◆ Task
Every entry below must be retyped exactly, and the pictures must be left out.

◆ Stored data entries
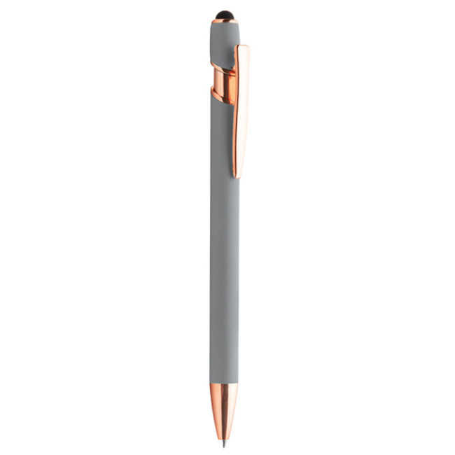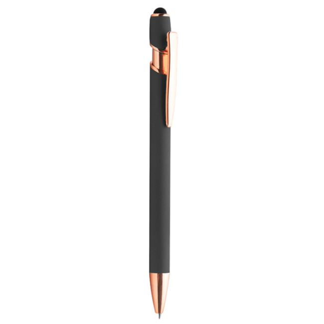penna a sfera in metallo meccanismo a scatto fusto in materiale soft touch minuteria in metallo oro rosato gommino touch refill nero
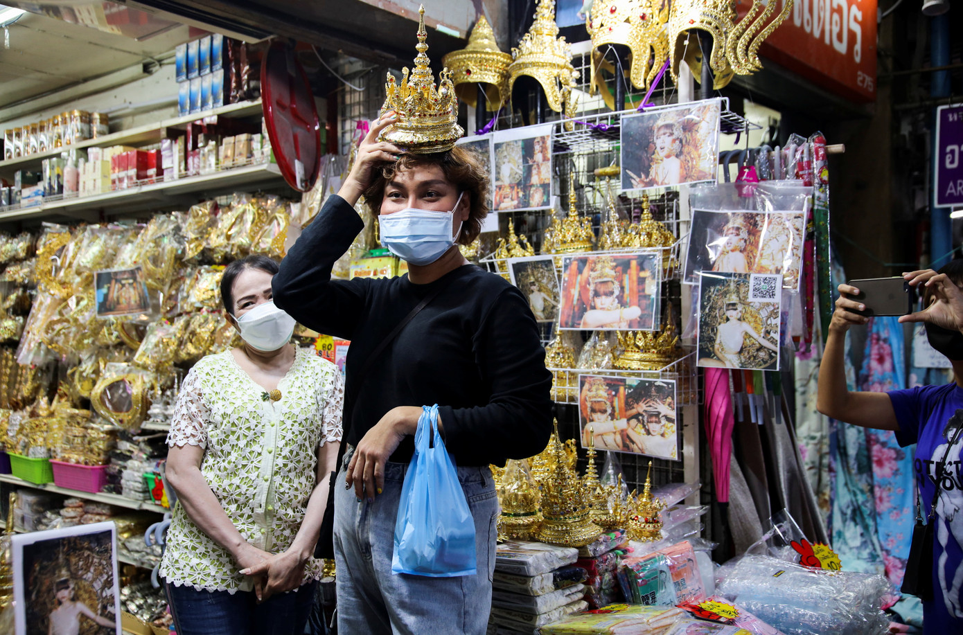 "Rất nhiều người đã đặt hàng qua cửa hàng trực tuyến của chúng tôi. Có một lượng khách hàng liên tục đến và hỏi về các loại mũ đội đầu", cô Samorn Suthiwong, làm việc tại Fashion Point, một cửa hàng quần áo trong một khu chợ nổi tiếng ở Bangkok, Thái Lan cho biết.
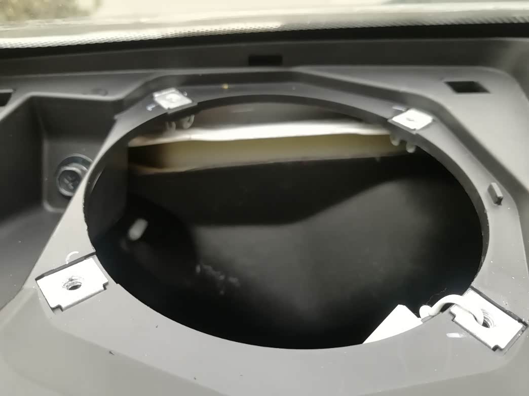 车装喇叭的位置,位于中控台,前挡风玻璃下方,拆掉喇叭后,喇叭孔甚至能看到司机刹车踏板了,意味着这里根本没法作汽车隔音,形成一个箱体是不可能的了!所以那些劝我作四门隔音的朋友们,打脸不!
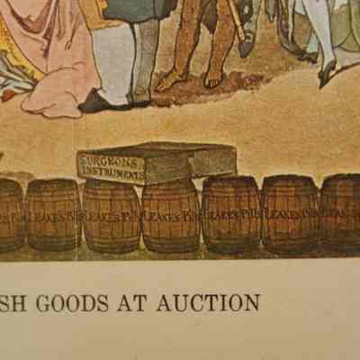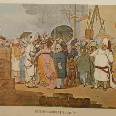FR COLOR PRINT, "BRITISH GOODS AT AUCTION" POSSIBLY A SCENE IN INDIA WITH BRITISH AUCTIONEER. 15" X 12"Created By
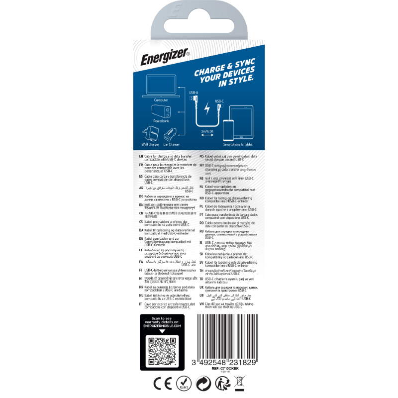 The Energizer charging and data transfer cable is 200 cm long and features a USB-A to USB-C 90° connector. The cable is L-shaped for easy plugging and unplugging.
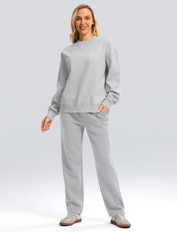 SANTINY Women’s Fleece Lined Sweatpants Cotton Straight Leg Pants with Pockets Drawstring Winter Sweat Pants for Women
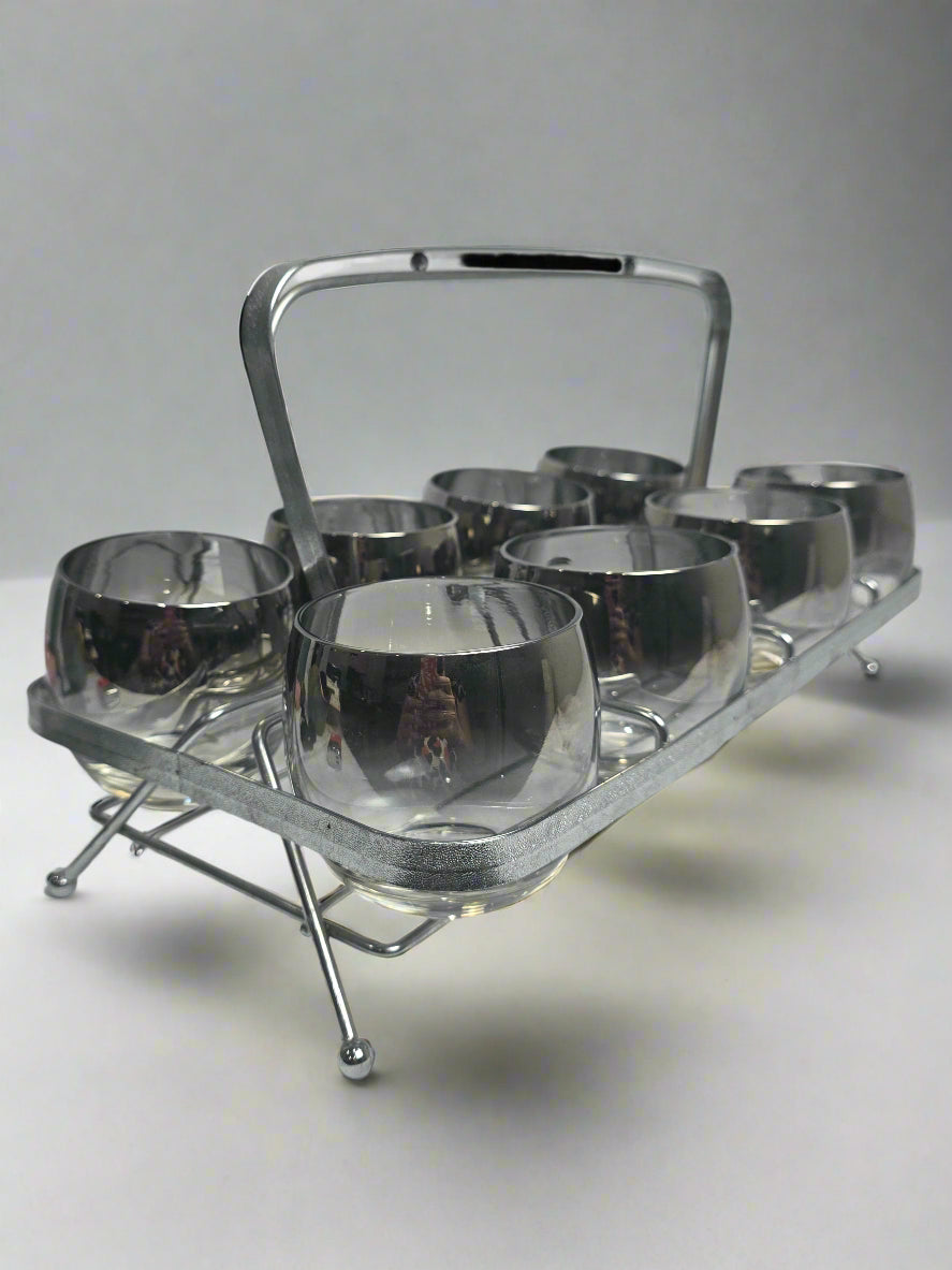 This is a vintage Mid-Century Modern barware set, consisting of eight roly-poly glasses and one chrome-plated caddy. Each glass features a silver-fade metallic finish. The set is complete with its original caddy, which includes a handle for carrying. The caddy is designed to hold all eight glasses. The set dates to the mid-20th century.
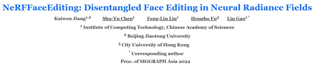 NeRFFaceEditing 由中科院计算所和香港城市大学的研究人员合作完成,相关技术论文在计算机图形学顶级会议 ACM SIGGRAPH Asia 2022 上发表。
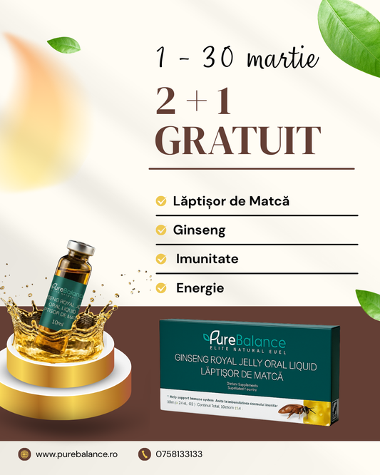 - 👑 Lăptișor de Matcă cu Ginseng: Vitalitate regală și un boost natural de imunitate când toți ceilalți sunt răciți.
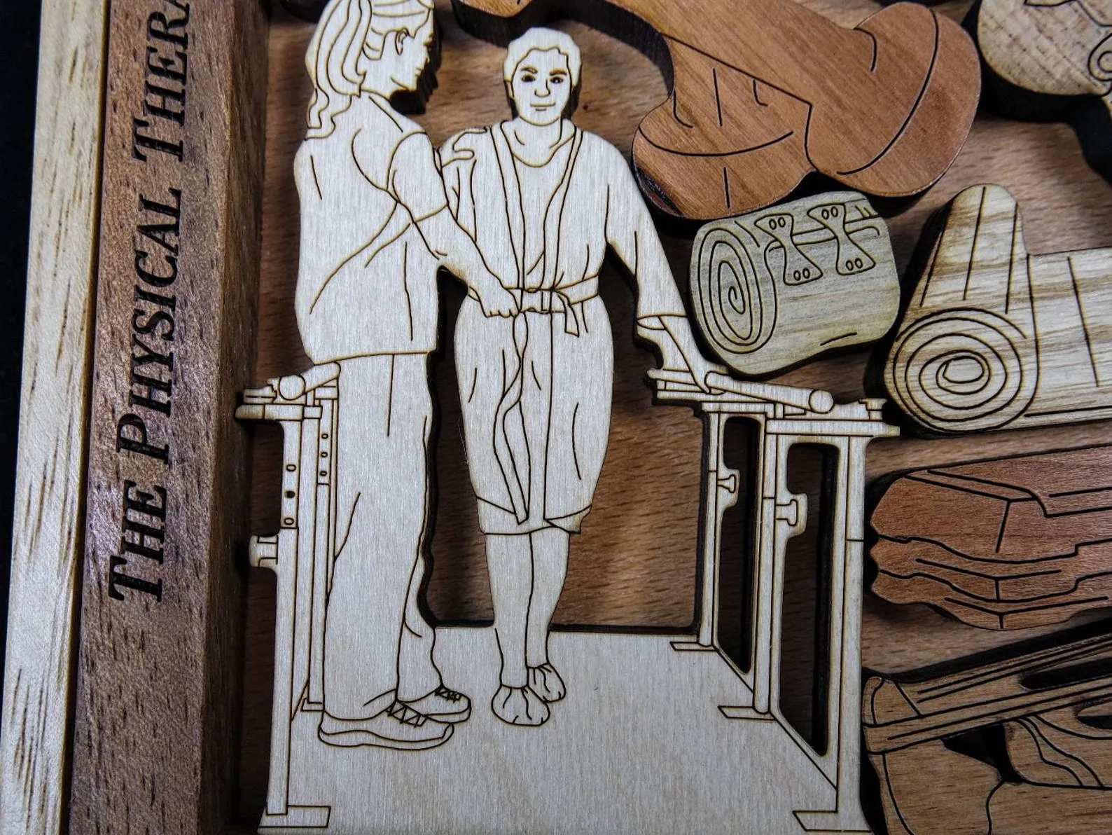 Dedicated to honor Physical Therapists.Can you fit all the pieces into the base? An attractive and fun wood puzzle yet quite difficult. You may need a Physical Therapist to treat the pain in your neck after attempting it?. The pieces show scenes or items associated with this profession. They are finely detailed and laser cut from ?? thick wood. There will be at least 4 different woods used in each puzzle and each puzzle will be a little different as we will mix up the woods. Pieces include 2 Therapist/Patient scenes, fitness ball, Nerve Stimulation device, rubber glove, hand grip exercise, medicine ball, workout mat, man using exercise bands, exercise steps, ace bandage, & weight..For a modest fee, this therapist gift can be personalized (choose the engraving option) with a name or short message on the inner frame or on the cover. Might make a great gift for your care giver.Measures about 7.5? square in the base and cover.Original artwork by Alexandra Plummer.Made in our Hudson, FL shop. Not intended for children under 8 as it has small pieces and it is also very difficult to solve. Comes with a written solution.? 2016 Creative Crafthouse ?cut and paste this link to watch video:https://youtu.be/3kSksfhnrvE

◆ Response box
penna a sfera in metallo meccanismo a scatto fusto in materiale soft touch minuteria in metallo oro rosato gommino touch refill nero
 "Rất nhiều người đã đặt hàng qua cửa hàng trực tuyến của chúng tôi. Có một lượng khách hàng liên tục đến và hỏi về các loại mũ đội đầu", cô Samorn Suthiwong, làm việc tại Fashion Point, một cửa hàng quần áo trong một khu chợ nổi tiếng ở Bangkok, Thái Lan cho biết.
 车装喇叭的位置,位于中控台,前挡风玻璃下方,拆掉喇叭后,喇叭孔甚至能看到司机刹车踏板了,意味着这里根本没法作汽车隔音,形成一个箱体是不可能的了!所以那些劝我作四门隔音的朋友们,打脸不!
FR COLOR PRINT, "BRITISH GOODS AT AUCTION" POSSIBLY A SCENE IN INDIA WITH BRITISH AUCTIONEER. 15" X 12"Created By
 The Energizer charging and data transfer cable is 200 cm long and features a USB-A to USB-C 90° connector. The cable is L-shaped for easy plugging and unplugging.
 SANTINY Women’s Fleece Lined Sweatpants Cotton Straight Leg Pants with Pockets Drawstring Winter Sweat Pants for Women
 This is a vintage Mid-Century Modern barware set, consisting of eight roly-poly glasses and one chrome-plated caddy. Each glass features a silver-fade metallic finish. The set is complete with its original caddy, which includes a handle for carrying. The caddy is designed to hold all eight glasses. The set dates to the mid-20th century.
 NeRFFaceEditing 由中科院计算所和香港城市大学的研究人员合作完成,相关技术论文在计算机图形学顶级会议 ACM SIGGRAPH Asia 2022 上发表。
 - 👑 Lăptișor de Matcă cu Ginseng: Vitalitate regală și un boost natural de imunitate când toți ceilalți sunt răciți.
 Dedicated to honor Physical Therapists.Can you fit all the pieces into the base? An attractive and fun wood puzzle yet quite difficult. You may need a Physical Therapist to treat the pain in your neck after attempting it?. The pieces show scenes or items associated with this profession. They are finely detailed and laser cut from ?? thick wood. There will be at least 4 different woods used in each puzzle and each puzzle will be a little different as we will mix up the woods. Pieces include 2 Therapist/Patient scenes, fitness ball, Nerve Stimulation device, rubber glove, hand grip exercise, medicine ball, workout mat, man using exercise bands, exercise steps, ace bandage, & weight..For a modest fee, this therapist gift can be personalized (choose the engraving option) with a name or short message on the inner frame or on the cover. Might make a great gift for your care giver.Measures about 7.5? square in the base and cover.Original artwork by Alexandra Plummer.Made in our Hudson, FL shop. Not intended for children under 8 as it has small pieces and it is also very difficult to solve. Comes with a written solution.? 2016 Creative Crafthouse ?cut and paste this link to watch video:https://youtu.be/3kSksfhnrvE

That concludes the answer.